BRIEF: Exact repetition of a range: find the line containing "Тележка хозяйственная, складная" and the line containing "Fügen Sie Ihren" in the material below, then repeat both and all lines between them, leaving pictures out.

DATASET ENTRIES:
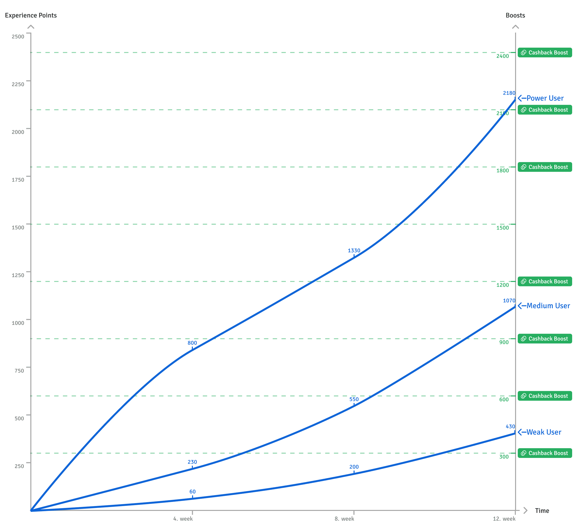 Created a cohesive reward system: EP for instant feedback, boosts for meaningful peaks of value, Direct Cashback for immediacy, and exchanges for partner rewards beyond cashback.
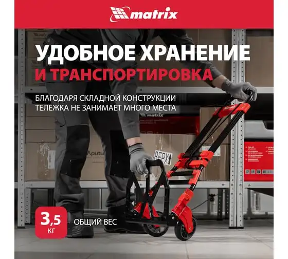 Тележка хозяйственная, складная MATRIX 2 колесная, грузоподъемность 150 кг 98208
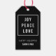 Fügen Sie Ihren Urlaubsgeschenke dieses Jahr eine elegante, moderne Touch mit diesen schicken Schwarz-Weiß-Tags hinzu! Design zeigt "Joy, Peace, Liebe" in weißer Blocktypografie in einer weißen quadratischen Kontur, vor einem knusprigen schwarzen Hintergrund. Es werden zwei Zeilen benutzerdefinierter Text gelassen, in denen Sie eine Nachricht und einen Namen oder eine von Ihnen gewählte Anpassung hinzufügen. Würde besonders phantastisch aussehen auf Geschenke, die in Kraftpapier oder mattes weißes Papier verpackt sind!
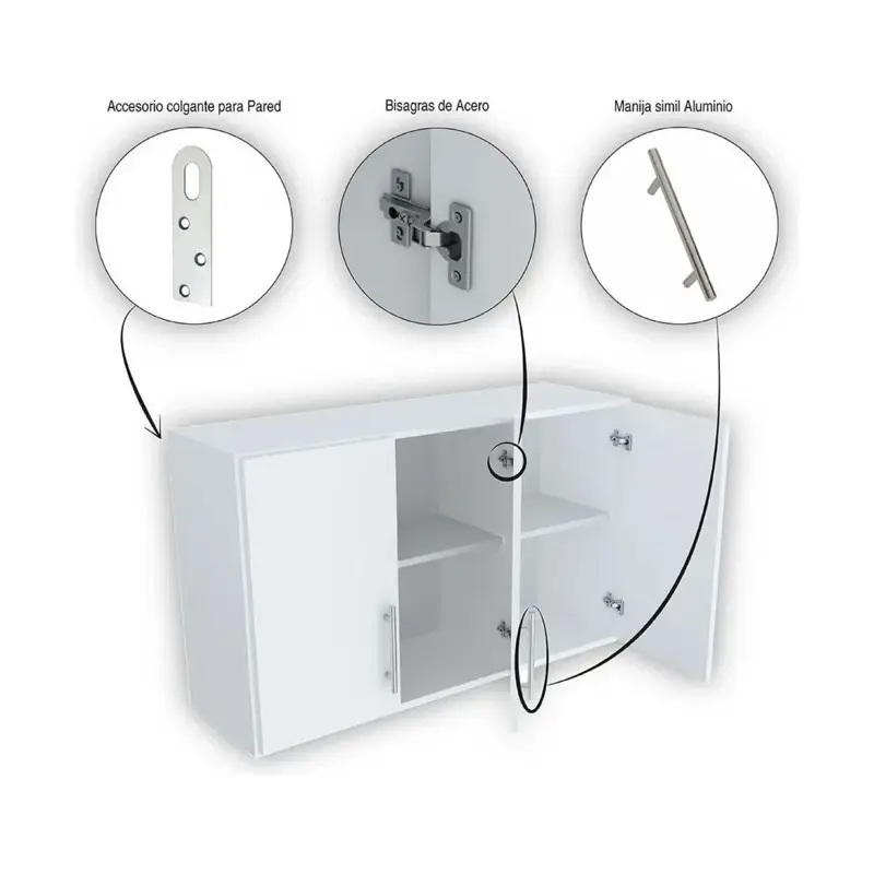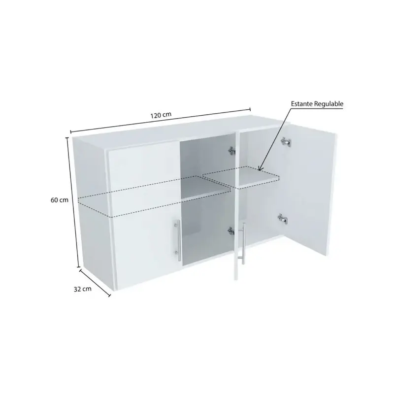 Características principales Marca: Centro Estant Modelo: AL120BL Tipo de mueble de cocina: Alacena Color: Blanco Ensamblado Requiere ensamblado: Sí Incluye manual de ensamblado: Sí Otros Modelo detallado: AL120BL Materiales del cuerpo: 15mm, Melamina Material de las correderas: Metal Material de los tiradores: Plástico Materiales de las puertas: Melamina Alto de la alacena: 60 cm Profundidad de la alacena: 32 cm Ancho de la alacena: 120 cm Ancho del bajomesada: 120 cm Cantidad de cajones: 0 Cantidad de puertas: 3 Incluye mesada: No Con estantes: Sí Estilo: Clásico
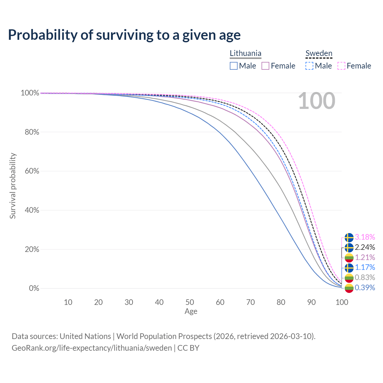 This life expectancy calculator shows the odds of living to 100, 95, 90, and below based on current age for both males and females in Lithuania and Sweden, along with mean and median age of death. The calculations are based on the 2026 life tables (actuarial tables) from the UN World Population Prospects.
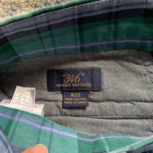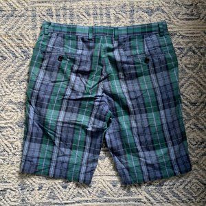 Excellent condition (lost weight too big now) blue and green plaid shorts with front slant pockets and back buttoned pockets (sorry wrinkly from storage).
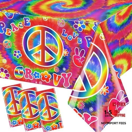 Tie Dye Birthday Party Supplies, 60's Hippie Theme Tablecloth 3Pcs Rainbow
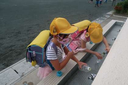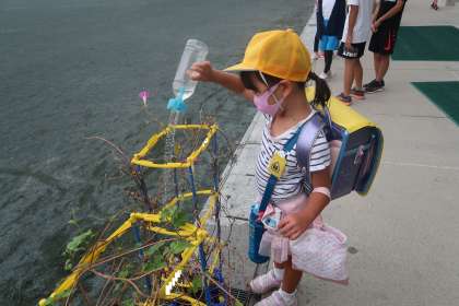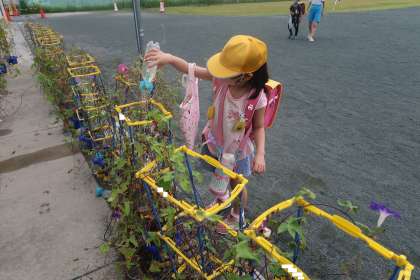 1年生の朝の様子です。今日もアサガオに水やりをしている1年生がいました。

EXERCISE OUTPUT:
 Тележка хозяйственная, складная MATRIX 2 колесная, грузоподъемность 150 кг 98208
 Fügen Sie Ihren Urlaubsgeschenke dieses Jahr eine elegante, moderne Touch mit diesen schicken Schwarz-Weiß-Tags hinzu! Design zeigt "Joy, Peace, Liebe" in weißer Blocktypografie in einer weißen quadratischen Kontur, vor einem knusprigen schwarzen Hintergrund. Es werden zwei Zeilen benutzerdefinierter Text gelassen, in denen Sie eine Nachricht und einen Namen oder eine von Ihnen gewählte Anpassung hinzufügen. Würde besonders phantastisch aussehen auf Geschenke, die in Kraftpapier oder mattes weißes Papier verpackt sind!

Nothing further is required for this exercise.